Volume-based EN feeding protocols prescribe EN in terms of the goal per day vs. goal per hour. The use of such protocols, including FEED ME (FeedEarly Enteral Diet Adequately for Maximum Effect? And PEP uP (Enhanced Protein-Energy Provision via the Enteral Route Feeding Protocol) have been found to significantly improve delivery of nutrients. Standard EN protocols begin EN full strength at an hourly rate and advance to goal within 24 to 48 hours. Effective use of a nutrition support protocol requires support from all medical disciplines involved.

44
Q

What is the maximum hang time for human breast milk (HBM)?

1: 4 hours
2: 8 hours
3: 12 hours
4: 24 hours

A

1: 4 hours

Human breast milk (HBM) should have a hang time of no longer than 4 hours. In addition, administration sets used for HBM should be di(2-ethylhexyl) phthalate (DEHP) free and the tubing and syringe should be changed every 4 hours. HBM for hospitalized neonates, infants, and children should be prepared in a clean environment using aseptic technique by specially trained personnel. Current recommendations also support the use of gloves during HBM administration.

45
Q

Your patient is showing outward signs of tube feeding intolerance including nausea and abdominal distention. The nurse checks gastric residuals and the last three measurements are 265 mL, 250 mL, and 330 mL. What is the most appropriate recommendation?
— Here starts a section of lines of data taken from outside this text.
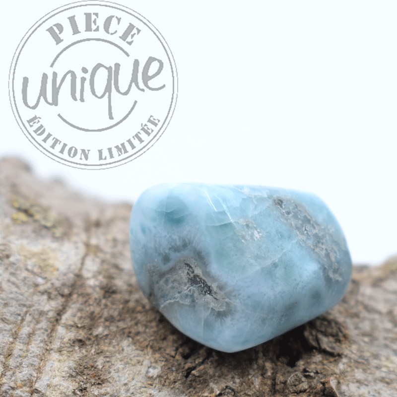 Es una piedra de una gran dulzura, de ternura. Su color apacigua, relaja. Es armonía, ligereza de ser. Tiene la cualidad de cazar los miedos, los temores, los sentimientos de culpa. Por su tono azul celeste, es anti estrés.
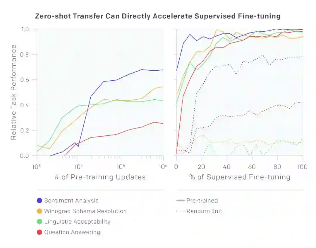 在大量文本上对我们的模型进行预训练,可显著提高其在诸如 Winograd Schema Resolution 等具有挑战性的自然语言处理任务上的表现。
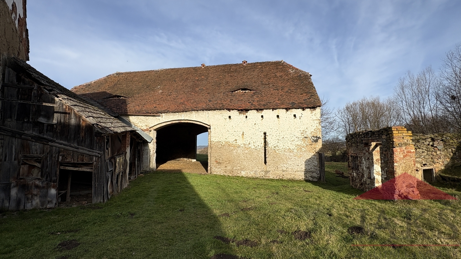 Nabízíme na prodej částečně podsklepenou bývalou zemědělskou usedlost, nyní rodinný dům (3+1; cca 90 m2) určený k rekonstrukci s navazující prostornou hospodářskou části (velká stáj/maštal s cihlovou klenbou a půdním prostorem vybízejícím k půdní vestavbě a velkou samostatně stojící průjezdnou stodolou s dřevníkem), uzavřeným dvorem kamennou zdí a zahradou 257 m2, stojící na okraji malebné šumavské vesničky Kadešice (540 m.n.m.) u Dražovic 2 km (obchod, tenisové kurty) v krásném podhůří Šumavy, nedaleko města Sušice 10 km, kde je veškerá občanská vybavenost. Možnost dokoupení navazujícího stavebního pozemku o výměře cca 1.860 m2 za cenu dohodou! Popis: částečně podsklepeno: 3x sklep (nová přípojka obecního vodovodu) s klenbou; přízemí: vstupní veranda, chodba se schodištěm do podkroví, koupelna (vana, umyvadlo, kotel na T.P. a el. boiler), technická místnost (WC, vodárna), obytná kuchyň (kuch. linka, dřez, plynový sporák na P.B., sporák na T.P.) s jídelnou, komora s klenbou a 2x pokoj (bez podlah); podkroví: podesta, podkrovní pokoj a půda (vhodná k vestavbě). Vedlejší stavby: navazující hospodářská část: prostorná stáj s cihlovou klenbou a kamennými koryty vč. půdního prostoru přístupného po venkovním žel. schodišti vhodného k půdní vestavbě například ateliéru či mezonetového apartmánu, obrovský dřevník, velká průjezdná stodola. Pozemek celkem: 1.527 m2; Zastavěná plocha a nádvoří: 1.270 m2; Zahrada: 257 m2; Možnost dokoupení navazujícího stavebního pozemku o výměře cca 1.860 m2 za cenu dohodou! Voda: vlastní kopaná studna a nová obecní přípojka; El.: 220/380 V; Vytápění a TUV: ÚT - kotel na T.P.; lokální - sporák na T.P. Velmi klidná vesnička s minimálním silničním provozem v podhůří Šumavy. Bývalá zemědělská usedlost s dochovanou zemědělskou částí s širokým potenciálem (obnovení stájí, renovace na vinárnu/pivnici či přestavba na apartmány či oblíbený glamping) a dobrým dosahem měst Sušice 10 km či Kašperské Hory 14 km. Nutno vidět!
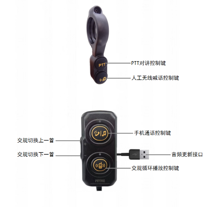 ●双键手柄控制器可控制对讲机PTT通话和车载喊话功能,也可提供含手机无线控制功能版
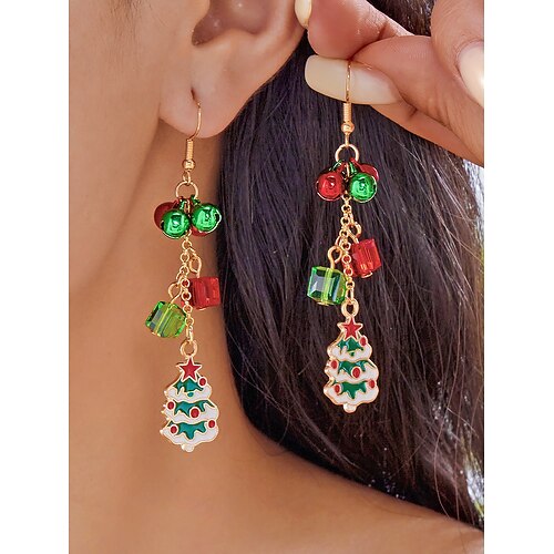 orecchini natalizi da donna – in lega con motivi natalizi a forma di albero, campane e fiocchi di neve, perfetti per feste e celebrazioni
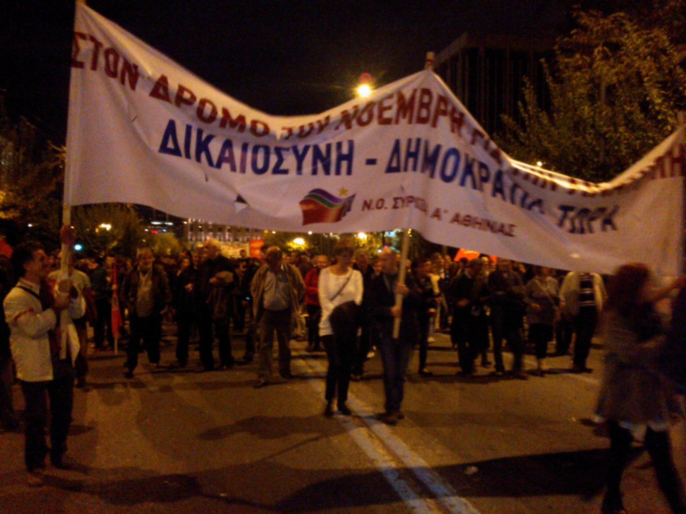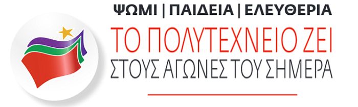Την ίδια στιγμή που η μνημονιακή κυβέρνηση προσπαθεί να καταργήσει κάθε έννοια συλλογικού δικαιώματος, που καταδικάζει τη νεολαία και τους εργαζομένους στη φτώχεια και την εξαθλίωση, το Πολυτεχνείο είναι εδώ. Στους αγώνες για κοινωνική δικαιοσύνη, ανεξαρτησία, ισότητα και κοινωνική απελευθέρωση. Στην υπεράσπιση της δημοκρατίας και των ελευθεριών, απέναντι στον κυβερνητικό αυταρχισμό και στο μονόδρομο των μνημονίων και της λιτότητας.
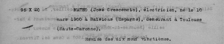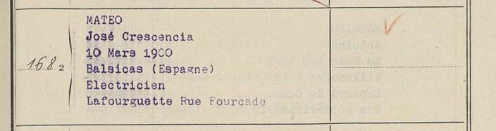 José Crescencio MATEO (09/03/1900, Balsicas, Murcia). Emigrado a Francia con anterioridad a la Guerra Civil, durante los primeros años del siglo XX. Se estableció en el departamento de Haute Garonne y residía en Toulouse, en la calle Fourcade, del barrio de Lafourguette, al sur de la ciudad. Era electricista. Obtuvo la nacionalidad en 1927.
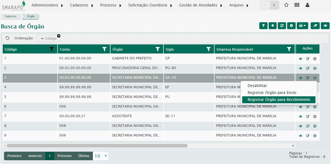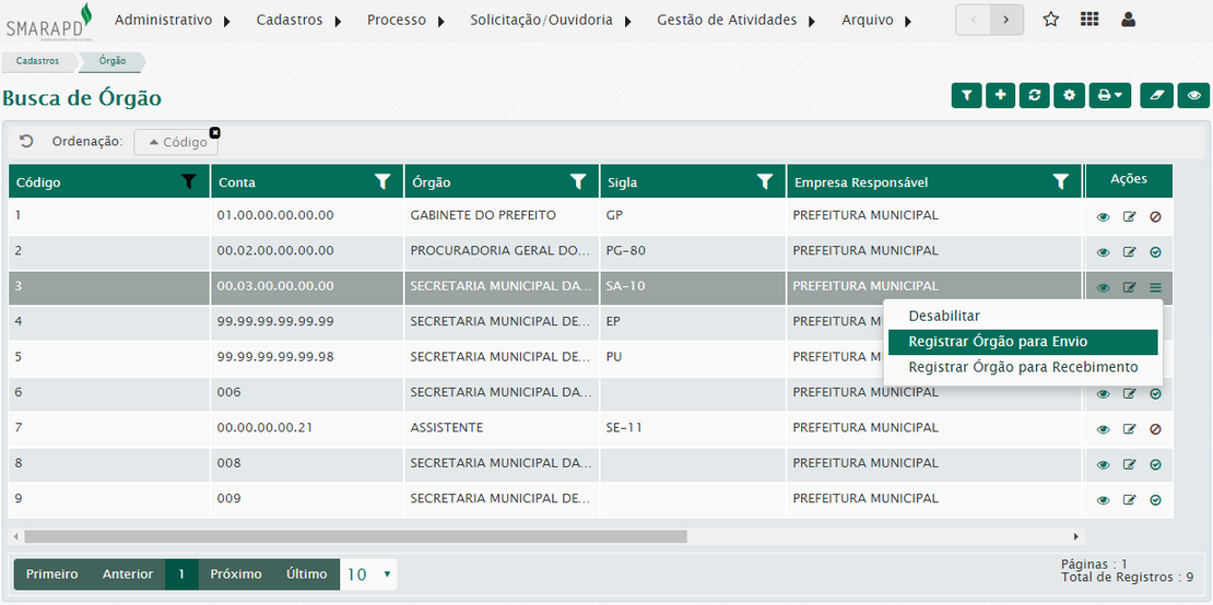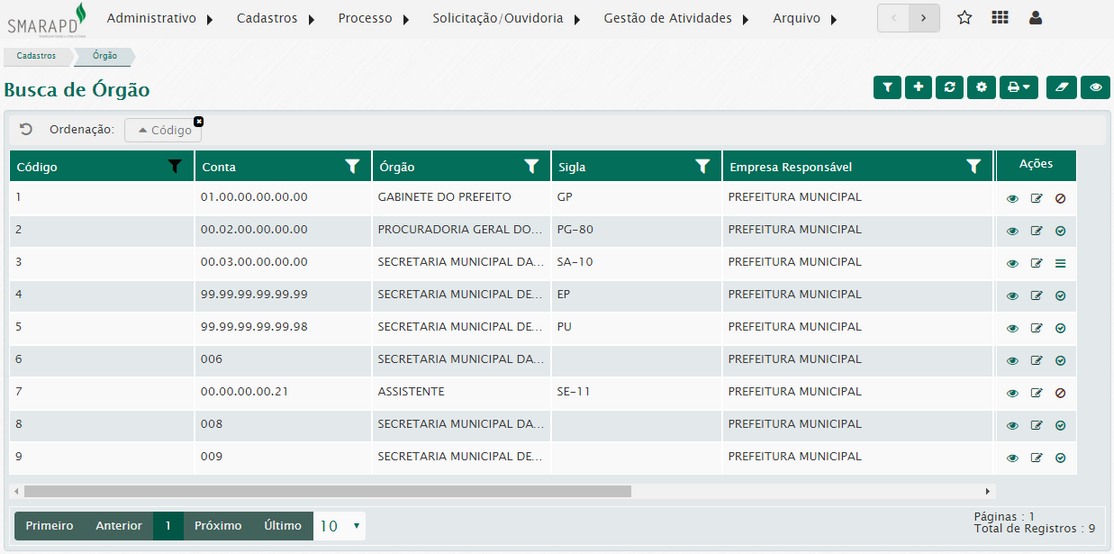 Na lista de órgão, na coluna Ações, você poderá visualizar editar, desabilitar e habilitar órgãos cadastrados no sistema.
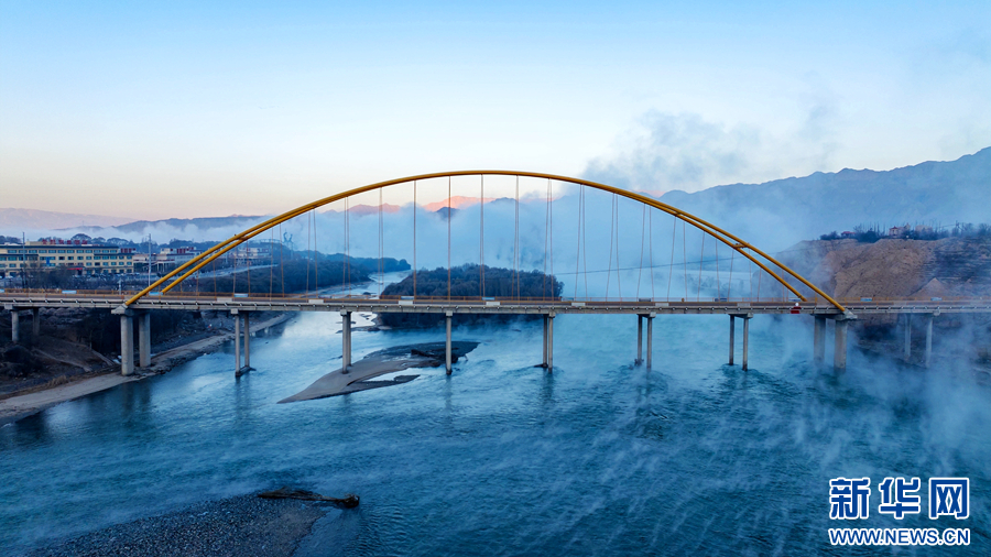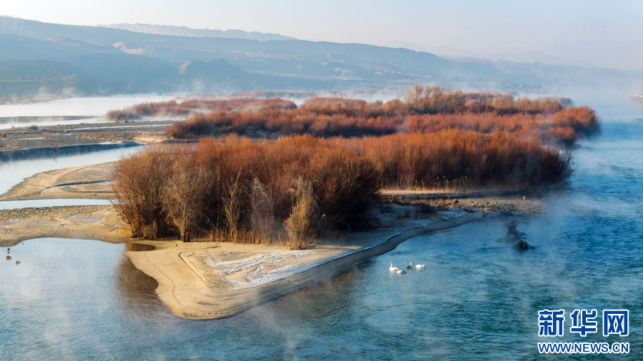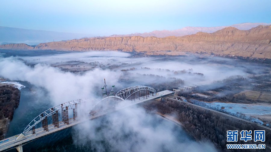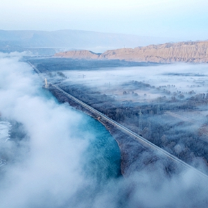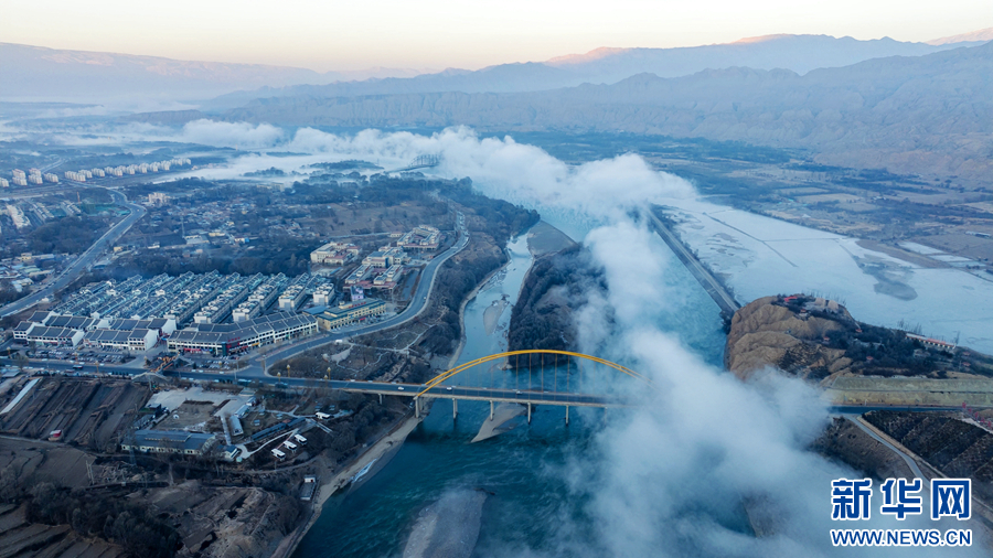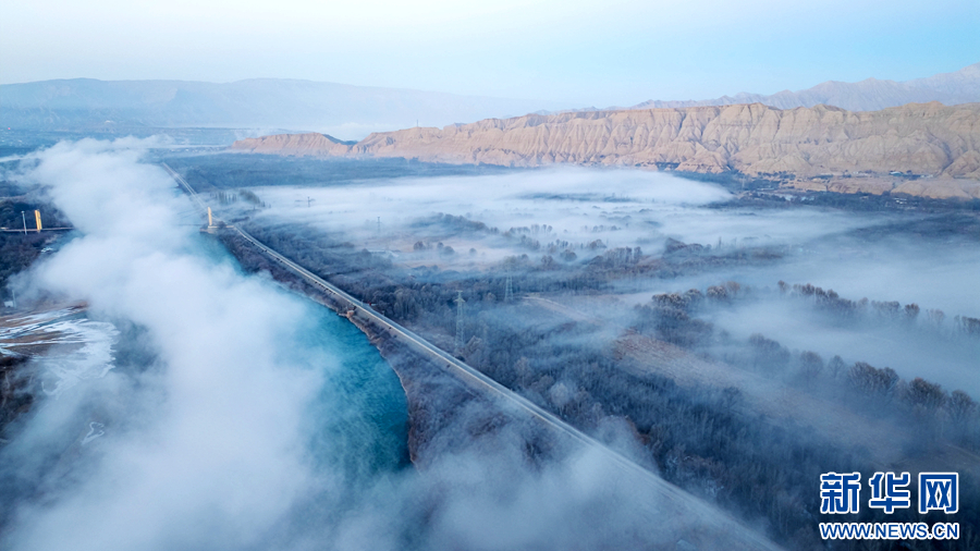冬日清晨,青海省海南藏族自治州贵德县黄河两岸云雾缭绕,在朝阳映衬下,连绵不断的丹霞山、清澈碧绿的黄河水在云雾中若隐若现,宛如仙境。
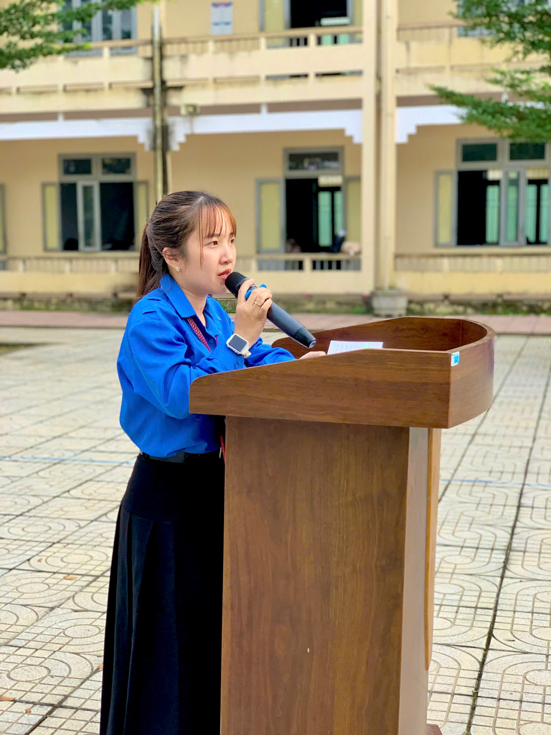 Cô Lê Thị Kim Thuỳ – Giáo viên phụ trách Tư vấn tâm lý thực hiện tuyên truyền, giáo dục cho học sinh.
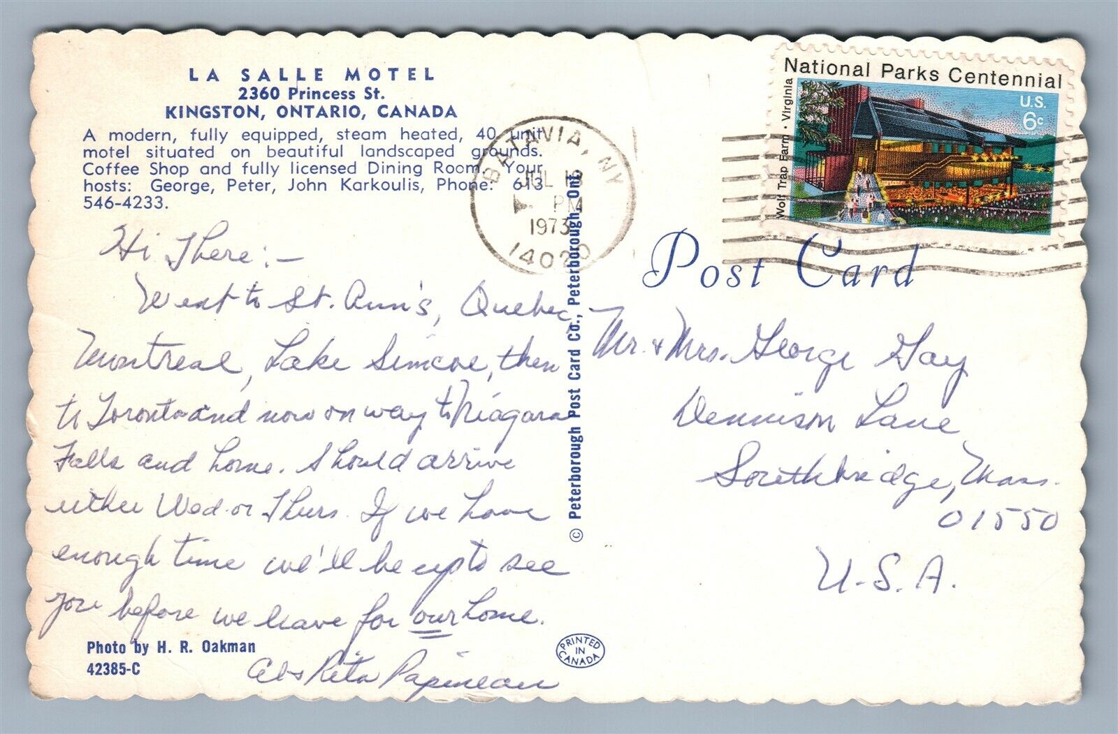 KINGSTON ONT CANADA LA SALLE MOTEL VINTAGE POSTCARD
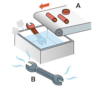 L’association japonaise des techniques de traitement thermique du métal définit le traitement thermique comme suit : procédé consistant à monter le métal en température jusqu’à son rougeoiement, puis à le refroidir. Le traitement thermique est qualifié de technique de métallurgie améliorant les propriétés par montée en température puis refroidissement du métal sans en altérer la forme. Il s’agit d’un procédé de métallurgie, à l’instar de la découpe et de l’élastoformage, qui modifie des propriétés telles que la solidité, la dureté, la ténacité, la résistance aux impacts, la résistance à l’usure, la résistance à la corrosion, les propriétés d’usinage et la malléabilité à froid.

1: Consider adding a promotility agent
2: Change to a lower fat formula
3: Change to a more concentrated formula
4: Use a smaller bore feeding tube

A

1: Consider adding a promotility agent

The significance of GRV is controversial due to the lack of well-powered studies. Because of this, the relationship of GRV and aspiration PNA can’t be clarified. The measurement of GRV can be affected by the type of feeding tube, body position, and the location of the tip of the feeding tube. Checking gastric residuals as part of routine care in ICU patients is not recommended. If a patient is showing outward signs of intolerance gastric residuals can be measured. Gastric residual volumes between 250-500 mL should lead to implementation of measures to reduce the risk of aspiration including adding a promotility agent.